In early 2005 the Holland Group revamped its aftermarket parts service and delivery procedures. All U.S. parts would ship from either Holland or Wylie, Texas, with no minimum order required, and a new Web page for aftermarket sales was later added. In the fall the firm also introduced a new series of pintle hooks that were lighter and more durable than previous models.

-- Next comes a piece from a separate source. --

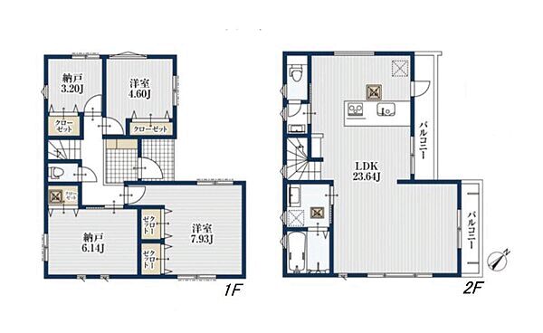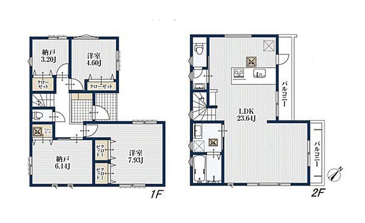 バルコニー2ヶ所有。広々23畳のLDK対面式キッチン採用の新築戸建です。

Nearly a century after it first began marketing an agricultural plow hitch, the Holland Group had become the leading maker of fifth wheels and related hitching products for the heavy trucking industry. Through strategic acquisitions the firm was also a manufacturer of suspension systems for trucks, buses, and motorcoaches, as well as a producer of a variety of rolled metal products.

Principal Subsidiaries

Eurohitch GmbH (Germany); FWF France (50%); Holland Eurohitch Ltd. (United Kingdom); Holland Europe GmBH (Germany); The Holland Group, Inc. (Mexico); Holland Hitch of Australia Ltd.; Holland Hitch of Canada Ltd.; Holland International; Holland Transtrade Far East (Malaysia); Holland Transtrade Thailand Co. Ltd.; Holland USA, Inc.; Nippon Holland, Ltd. (Japan).

Principal Competitors

ArvinMeritor, Inc.; Fontaine International; The Jost Group.

Chronology

  • Key Dates
  • 1910 Safety Release Clevis Company is formed in South Dakota to make plow hitches.
  • 1920 The company relocates to Holland, Michigan, and becomes known as Holland Hitch.
  • 1935 Henry Ketel and Henry Geerds revive the firm after bankruptcy.
  • 1956 The company opens a warehouse in California.
  • 1963 New plants built in South Carolina and Ontario, Canada.
  • 1969 Holland Hitch Forwarding Co. is founded and a German sales office is added.
  • 1981 Holland Metalcraft is purchased.
  • 1991 The Binkley Company of Missouri is acquired.
  • 1999 Neway Anchorlok International of Muskegon, Michigan, is purchased.
  • 2002 The company is restructured; the South Carolina plant and the Anchorlok brake line are sold.
  • 2004 Simplex brand of fifth wheels is acquired from Consolidated Metco.